Exercise brief
The data below is to be transcribed word for word; pictures are to be excluded.

Input records
───

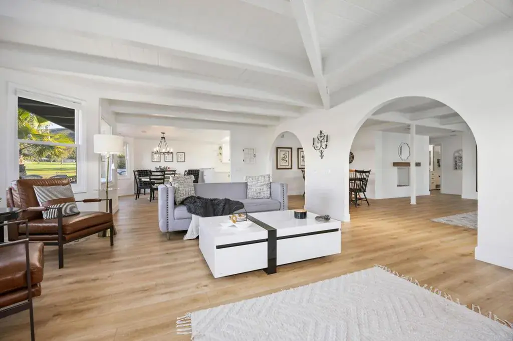 Lake Life Living with Golf Course Views-Overlooking the 9th green of The Links Golf Course, this refreshed and beautifully updated residence offers a light, bright, and move-in-ready feel in one of the most convenient locations in the community. Step inside to an open, flowing floor plan highlighted by graceful arched doorways and a stunning beam-and-plank ceiling that adds warmth, character, and architectural charm. Luxury vinyl plank flooring and additional windows installed to add to the brightness of the home. The kitchen features a functional, entertainer-friendly layout, perfectly suited for both everyday living and hosting gatherings with ease. The spacious primary suite is a true retreat, complete with a dual-sink vanity, soaking tub, separate shower, and a generous walk-in closet. Flexible space currently used as a bedroom could be an office, gym, playroom, studio or wellness room with its own large closet. Outdoors, a private garden invites you to enjoy morning coffee, alfresco dining, or peaceful evenings surrounded by serene golf course ambiance. Additional highlights include newer roof, windows, HVAC system, hot water heater, interior and exterior paint. Set on a coveted golf course view lot just steps from the clubhouse—and with no HOA fees—this home is also a short walk to the lake. Currently a successful Airbnb property. Lake San Marcos offers an exceptional lifestyle with golf, pickleball, swimming, dining, and endless lake activities. Plus, you’re minutes from some of Southern California’s best beaches, shopping, restaurants, LEGOLAND, and more. Come experience what Lake Life is all about.
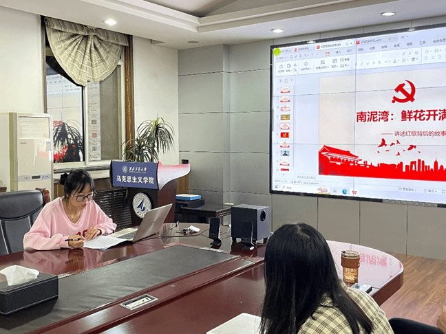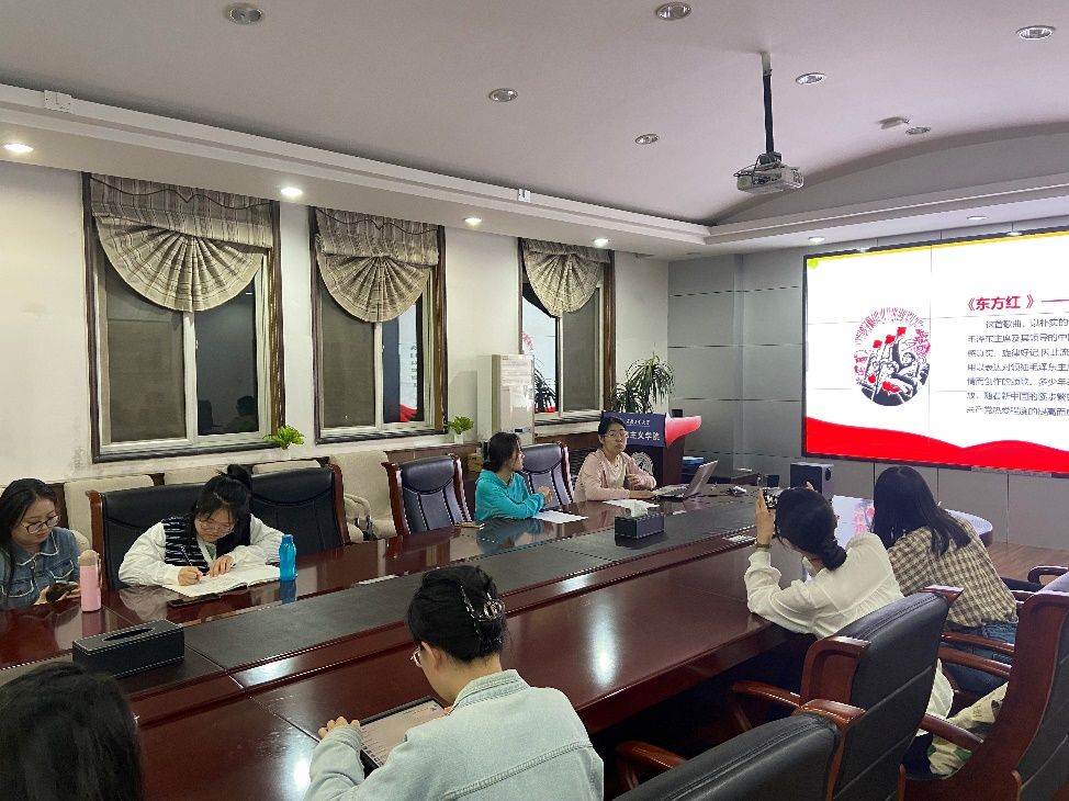 活动伊始,由马克思主义中国化研究系硕士生、青马先锋宣讲团成员邵明岚面向参会同志讲述了歌曲《东方红》背后的故事,将歌曲中人民群众对伟大领袖毛泽东主席及其领导的中国共产党的深情娓娓道来,配合视频呈现出《东方红》这一浓缩了代代中国人情感记忆的经典作品的深厚力量。
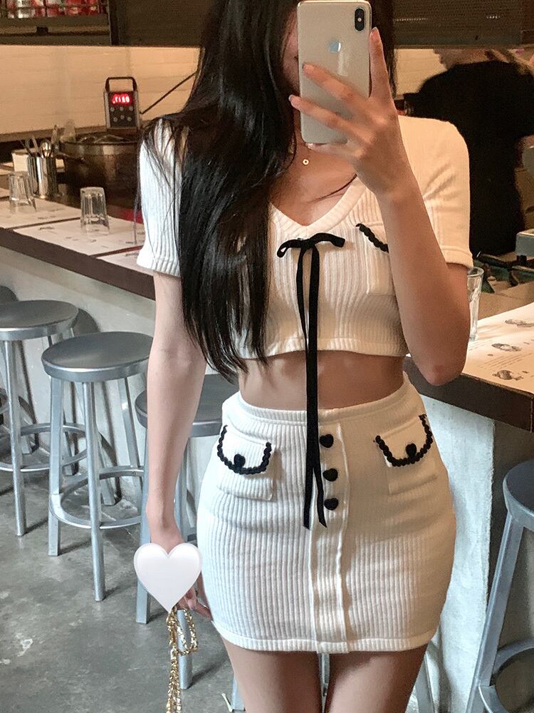 カラーニットショートTシャツ レディースサマーVネックスリムトップス 夏物 フラワークラフター19397768141
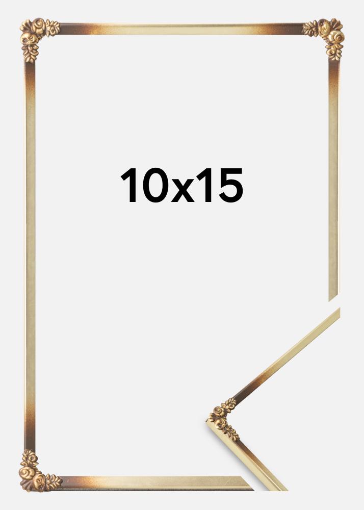Rosen Metall Gold ist ein klassischer Rahmen, der all Ihren Motiven einen raffinierten Rahmen verleiht. Jede Ecke ist mit kleinen Rosen dekoriert, die leicht "verbrannt" sind, um das richtige Finish zu erzielen. Der Rahmen ist aus goldfarbenem Metall gefertigt, was ihn robust macht und gleichzeitig das exklusive Gefühl, das der Rahmen vermittelt, verstärkt.
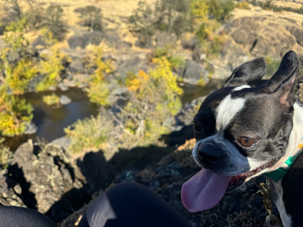 Grief took me walking again. We walked on the South Rim Trail named for Annie Bidwell. Grief led me and Dottie through grass the color of butter and underneath trees still dotted with the leaves confused by a 45-degree morning and an 80-degree afternoon. I imagined the leaves asking if they should be dying or thriving, but that is probably projecting. We stopped at Bear Hole and sat down as cyclists gathered themselves to finish their ride. Bear Hole looked different from the South side of the canyon. Smaller. I wondered if that is because of the slope of the canyon or because there was no fog shrouding the sky, just us and the autumnal sun. Probably both or something else completely. You would know the answer.
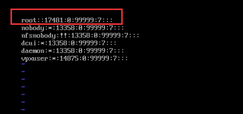 vi etc/shadow (記住,在救援模式下只能使用vi,并且不要按a或者i鍵進(jìn)入編輯模式,直接使用x對(duì)文字進(jìn)行刪除)
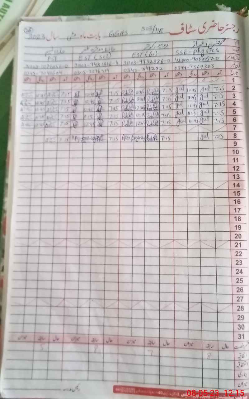 | Name: Gu**** Ij**** Designation: (School Headmaster's/Headmistress's) SSE (Phics) Phone/Cell Number: 03**** |
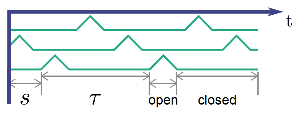 oscillation 的实时周期 real-time period 。open 阶段的持续时间与整个周期的占比。Phased LSTM cell 的 oscillation 的阶段偏移 phase shift 。所有这些参数都可以在训练过程中学习。
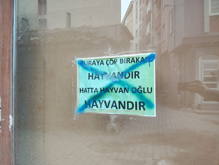 Tüfekçi Ahmet Ağa Sokağın araç trafiğine kapalı bölümünde bir deponun önüne sürekli çöp atılmasından bıkan mahalle sakinleri, çareyi deponun camına yazı yazmakta buldu. Deponun camına “Buraya çöp bırakan hayvandır. Hatta hayvan oğlu hayvandır” yazdı. Sokağa çöp dökülmesinden rahatsız olanların yazdığı bu yazının üzerine de kimliği belirsiz bir kişi tarafından sprey boyayla “X” işareti yapıldı.

───

Response
 Lake Life Living with Golf Course Views-Overlooking the 9th green of The Links Golf Course, this refreshed and beautifully updated residence offers a light, bright, and move-in-ready feel in one of the most convenient locations in the community. Step inside to an open, flowing floor plan highlighted by graceful arched doorways and a stunning beam-and-plank ceiling that adds warmth, character, and architectural charm. Luxury vinyl plank flooring and additional windows installed to add to the brightness of the home. The kitchen features a functional, entertainer-friendly layout, perfectly suited for both everyday living and hosting gatherings with ease. The spacious primary suite is a true retreat, complete with a dual-sink vanity, soaking tub, separate shower, and a generous walk-in closet. Flexible space currently used as a bedroom could be an office, gym, playroom, studio or wellness room with its own large closet. Outdoors, a private garden invites you to enjoy morning coffee, alfresco dining, or peaceful evenings surrounded by serene golf course ambiance. Additional highlights include newer roof, windows, HVAC system, hot water heater, interior and exterior paint. Set on a coveted golf course view lot just steps from the clubhouse—and with no HOA fees—this home is also a short walk to the lake. Currently a successful Airbnb property. Lake San Marcos offers an exceptional lifestyle with golf, pickleball, swimming, dining, and endless lake activities. Plus, you’re minutes from some of Southern California’s best beaches, shopping, restaurants, LEGOLAND, and more. Come experience what Lake Life is all about.
 活动伊始,由马克思主义中国化研究系硕士生、青马先锋宣讲团成员邵明岚面向参会同志讲述了歌曲《东方红》背后的故事,将歌曲中人民群众对伟大领袖毛泽东主席及其领导的中国共产党的深情娓娓道来,配合视频呈现出《东方红》这一浓缩了代代中国人情感记忆的经典作品的深厚力量。
 カラーニットショートTシャツ レディースサマーVネックスリムトップス 夏物 フラワークラフター19397768141
Rosen Metall Gold ist ein klassischer Rahmen, der all Ihren Motiven einen raffinierten Rahmen verleiht. Jede Ecke ist mit kleinen Rosen dekoriert, die leicht "verbrannt" sind, um das richtige Finish zu erzielen. Der Rahmen ist aus goldfarbenem Metall gefertigt, was ihn robust macht und gleichzeitig das exklusive Gefühl, das der Rahmen vermittelt, verstärkt.
 Grief took me walking again. We walked on the South Rim Trail named for Annie Bidwell. Grief led me and Dottie through grass the color of butter and underneath trees still dotted with the leaves confused by a 45-degree morning and an 80-degree afternoon. I imagined the leaves asking if they should be dying or thriving, but that is probably projecting. We stopped at Bear Hole and sat down as cyclists gathered themselves to finish their ride. Bear Hole looked different from the South side of the canyon. Smaller. I wondered if that is because of the slope of the canyon or because there was no fog shrouding the sky, just us and the autumnal sun. Probably both or something else completely. You would know the answer.
 vi etc/shadow (記住,在救援模式下只能使用vi,并且不要按a或者i鍵進(jìn)入編輯模式,直接使用x對(duì)文字進(jìn)行刪除)
 | Name: Gu**** Ij**** Designation: (School Headmaster's/Headmistress's) SSE (Phics) Phone/Cell Number: 03**** |
 oscillation 的实时周期 real-time period 。open 阶段的持续时间与整个周期的占比。Phased LSTM cell 的 oscillation 的阶段偏移 phase shift 。所有这些参数都可以在训练过程中学习。
 Tüfekçi Ahmet Ağa Sokağın araç trafiğine kapalı bölümünde bir deponun önüne sürekli çöp atılmasından bıkan mahalle sakinleri, çareyi deponun camına yazı yazmakta buldu. Deponun camına “Buraya çöp bırakan hayvandır. Hatta hayvan oğlu hayvandır” yazdı. Sokağa çöp dökülmesinden rahatsız olanların yazdığı bu yazının üzerine de kimliği belirsiz bir kişi tarafından sprey boyayla “X” işareti yapıldı.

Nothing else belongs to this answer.